O’Brien tells Winston this in a candid moment, revealing what sets this government apart from those that have come before: there is no illusion of goodwill or utopian ideals involved here, these supervillains seek power for the sake of power.

‘Power is not a means; it is an end. One does not establish a dictatorship in order to safeguard a revolution; one makes the revolution in order to establish the dictatorship.’

Much like the last quote, George Orwell here dives into the corruptive power of power itself, and what leads individuals or organizations to seek power for themselves.

‘The masses never revolt of their own accord, and they never revolt merely because they are oppressed. Indeed, so long as they are not permitted to have standards of comparison, they never even become aware that they are oppressed.’

The Party is controlling what people know in order to control their minds, in order to control their actions.

‘Power is in tearing human minds to pieces and putting them together again in new shapes of your own choosing.’

He who controls the discourse controls what we know and what we believe.

‘The choice for mankind lies between freedom and happiness and for the great bulk of mankind, happiness is better.’

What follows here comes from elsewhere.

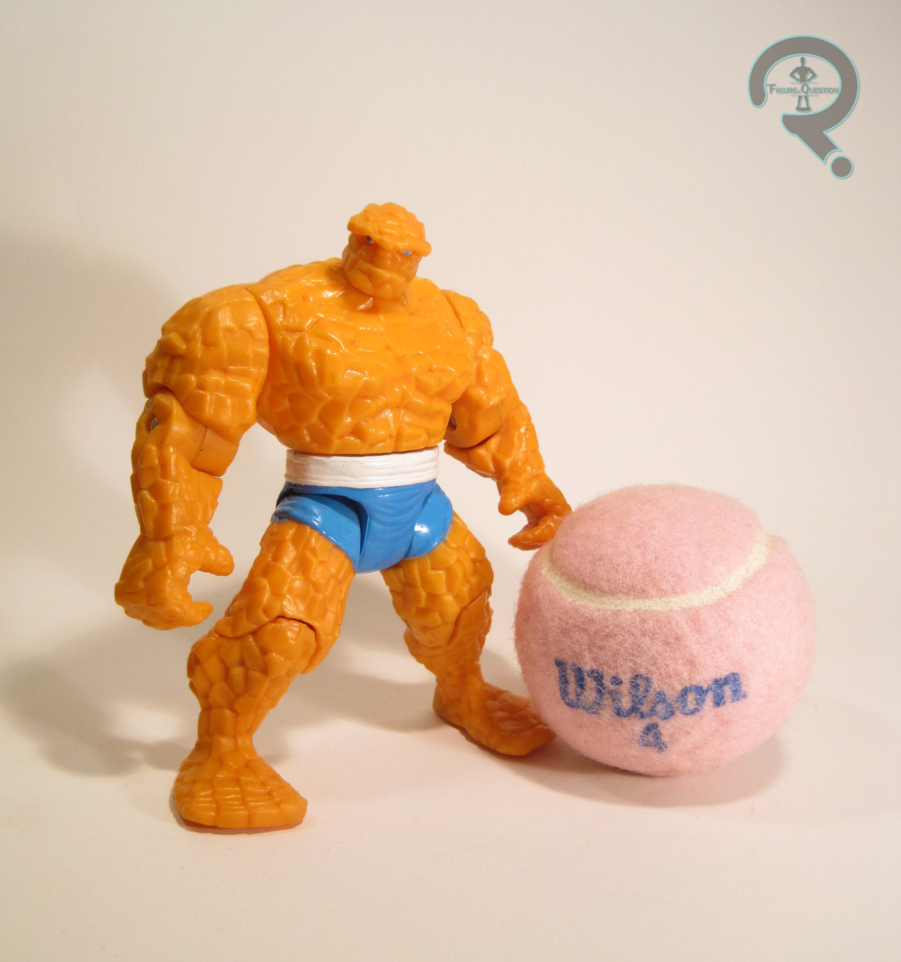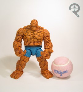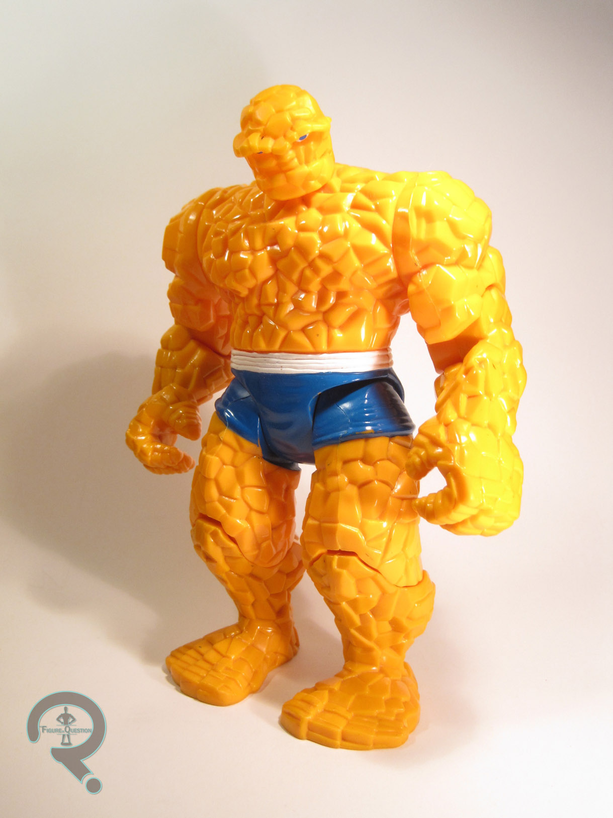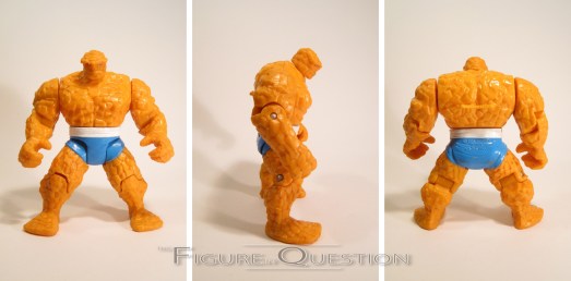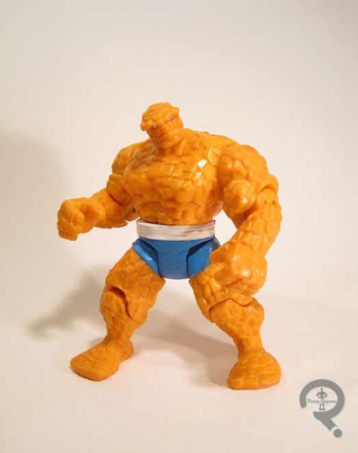 Yes, for the second FF set, we got yet another version of The Thing. This time around, he’s wearing one of his more extensive FF uniforms, with the tank top and boots that Byrne outfitted him with during his run on the book. Honestly, I’ve always loved this look myself, so I can’t really complain that much. The figure stands 2 1/4 inches tall and has 14 points of articulation. Ben’s built on the standard ‘mate body, but wait, what’s that I spy? Would those be C3-style feet? Indeed they would. Though they wouldn’t make it into the main line until the beginning of the next year, 2004’s summer/fall exclusive packs were all given the C3 treatment, a first for the Marvel line. He’s got add-ons for his head piece and fists, which, like the prior release, help to bulk him up just a touch, while still keeping him more true to the core body than later versions. While the head piece remains the same as the prior release, the hands are actually new, and actually do the reverse posing of the prior release: right is gripping, left is closed. It’s a small touch, but still a cool one. The paint work is a fair bit changed up for this release, adding the necessary details for his uniform, as well as some actual musculature for his torso, which works very well. Additionally, his facial expression is changed to a close mouthed one, which really appeals to me and my desire to have more close mouthed Thing figures. The face is seated slightly better on the face this time as well, so it works even better with the head piece this time. Thing included a small cigar accessory originally, but mine hasn’t had one as long as it’s been in my possession.

An elaboration of “freedom is slavery,” this quote illustrates the ways in which the Party seeks to control its people by giving them ‘what they want’ — a simple, unthinking, fully controlled life.

‘Doublethink means the power of holding two contradictory beliefs in one’s mind simultaneously, and accepting both of them.’

While being able to understand two contradictory points of view as equally valid might be considered a good thing, George Orwell’s doublethink refers to the newspeak term for citizens acknowledging that the Party contradicts itself, but being able to fully recognize what this means.

‘Being in a minority, even in a minority of one, did not make you mad. There was truth and there was untruth, and if you clung to the truth even against the whole world, you were not mad.’

It sometimes seems impossible, and yet it is so important that we cling on to our common sense.

‘The best books… are those that tell you what you know already.’

Sadly, we can probably all recognize the confirmation bias we seek out when consuming media or even just participating in conversations IRL or online. We look for our own beliefs to be proven ‘true’, and find it hard to consume other points of view (perhaps out of a fear that we will be persuaded to give up our own beliefs).

‘What can you do, thought Winston, against the lunatic who is more intelligent than yourself; who gives your arguments a fair hearing and simply persists in his lunacy?’

‘Reality exists in the human mind and nowhere else.’

While scary, this quote is arguably true: we each create our own reality based on experience and perceived norms, and filter the world through those presets.

‘The past was erased, the erasure was forgotten, the lie became the truth.’

And thus, Orwell has shown exactly how history is written and how reality can be manipulated by those in power. When enough people believe a thing and proclaim it as truth, and nobody has the power to safeguard actual truth, reality becomes moldable.

These scary quotes from George Orwell’s Nineteen Eighty-Four should serve as a warning to all of us about the state of the world, and what future dystopian fiction truly tries to warn us against.

But it is not all bad — let’s remember this particular quotation from Orwell’s novel, and celebrate the power of facts:

‘There was truth and there was untruth, and if you clung to the truth even against the whole world, you were not mad.’